From OpenNMS
barCamp Categories
Organize the Wiki
Start working on more of a manual/book format to help newbies. (Tarus)
Bugzilla Review
Review Bugzilla bugs for 1.6 and move most of them out (Tarus)
Nagios Plugins
Create some OpenNMS monitors to implement some of the defaul Nagios checkscript functionality
GUI Review
- Collect functions
- Sort
- Write down as-is use cases
- Try to design "new" use cases
- Consider Context
RT Integration
- once OTRS works fine, see if it can be transferred to RT
Documentation
I just want to give a few suggestions coming from my experience when starting to work with opennms. I still don't have the overwiew of the documentation so I can't change it myself (and I don't want to change your main pages or documentation style) so I added my suggestions here. An easy-to-read documentation will also help you because you get less questions in the mailing list so you have more time to work on things you like more (or don't work at all, at least for a few minutes every day ;-)). Maybe after hours of programming during the Dev-Jam someone might take what is below and work on it to relax or you discuss about it with a beer in the hand ;-)

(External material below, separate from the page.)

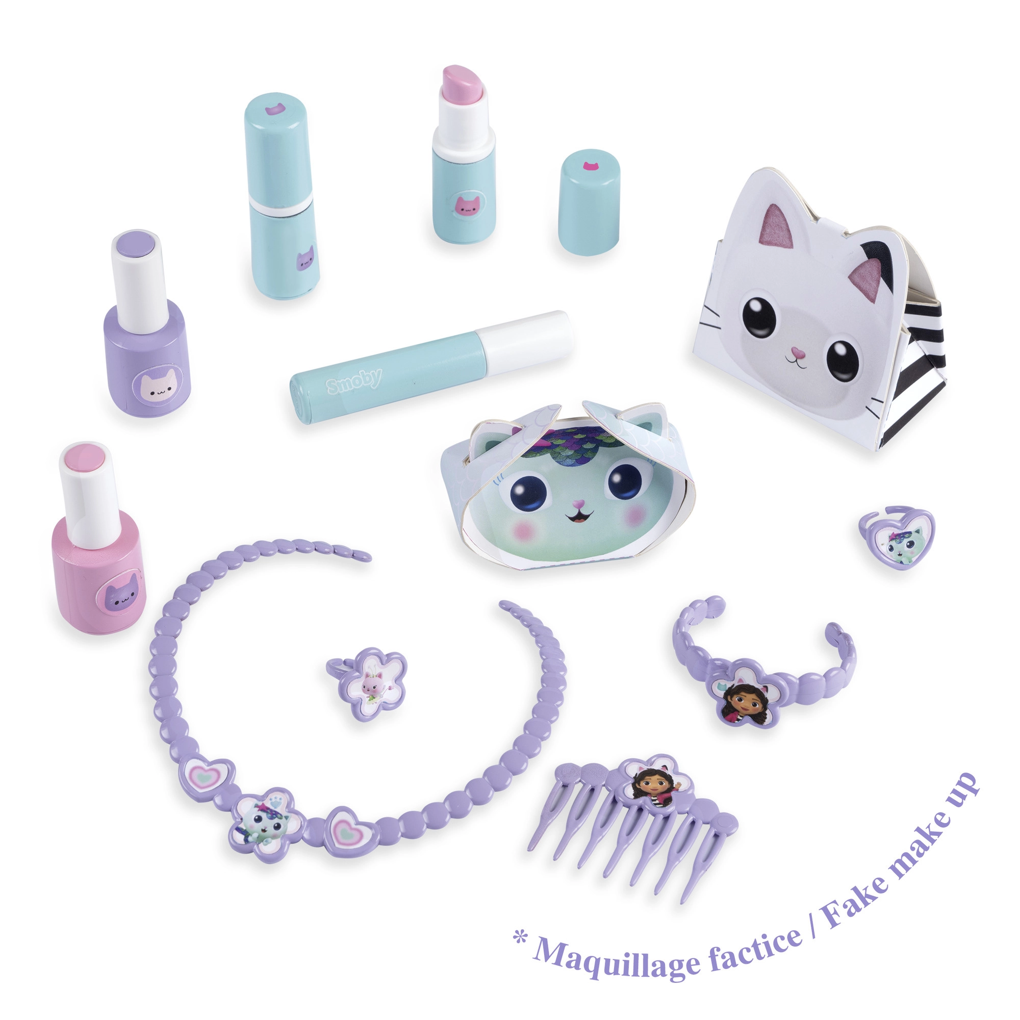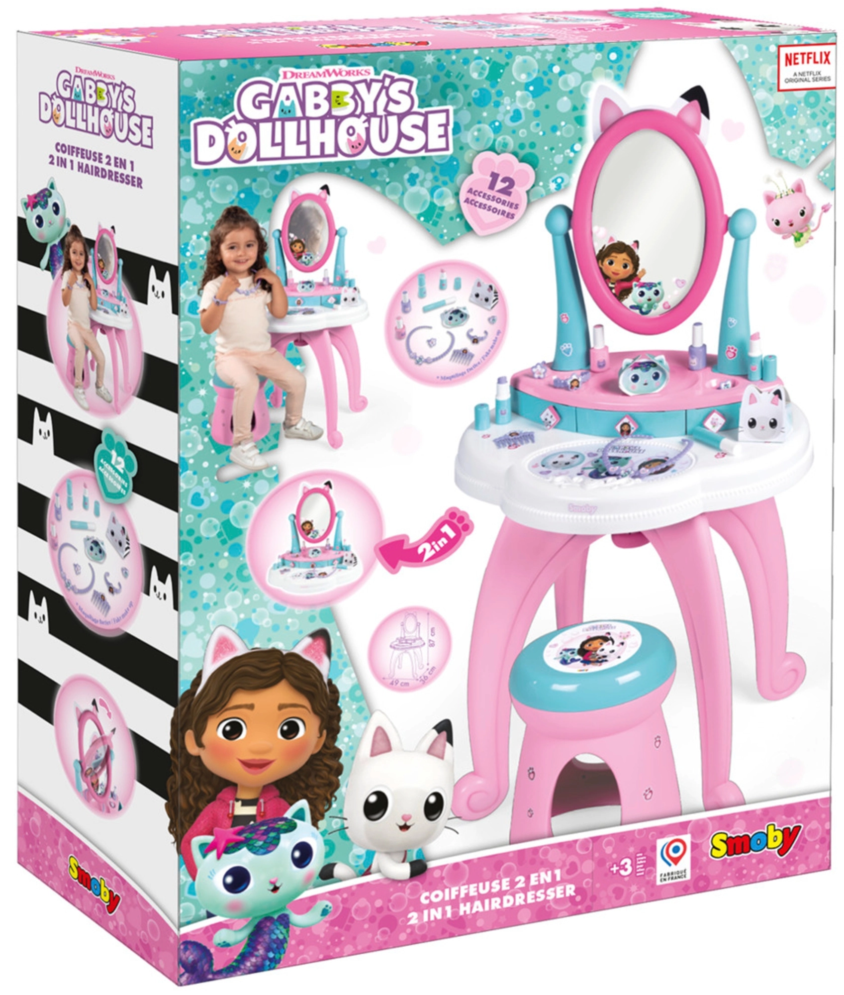 Влезте в магическия свят на GABBY’S DOLLHOUSE с детската тоалетка 3 в 1 от Smoby. Предлага сушене със сешоар, гримиране и грижа за ноктите, има голямо регулируемо огледало, 3 чекмеджета и удобно столче. В комплекта има 12 аксесоара за креативна игра и развитие на въображението.

I have seen that steps in the direction described below were already made during the last month but I'm missing a "global concept".
The following suggestions where made with the idea "from the global overview to the details" in mind like "first tell what you can do at all with opennms, then list the different functionalities you need for that and at last how they have to be configured for doing this".
There is a lot of helpful information in the wiki, but sometimes it's difficult to find it. If you don't have the right terms in mind for searching (specially a problem for those speaking other languages) you won't find the information. Some sort of index, like in the good old books from a former age, would be very helpful. Just a little script, gathering all headlines from the wiki pages and arranging them as links, would be a leap forward in dokumentation. Or you take the output from this script and link the pages to the How To's described below.
At the moment the doc is a mix of the description "what tasks are done with ... (capsd by example)" and "what to configure in ... for a specific problem". Maybe it would be better to organize it like
- Purpose of the service/application
- Availability
- (basic) description of functionality
- basic configuration
- Problem determination
- How To's ... (collect here all those pages for this service like "how to collect disk usage data"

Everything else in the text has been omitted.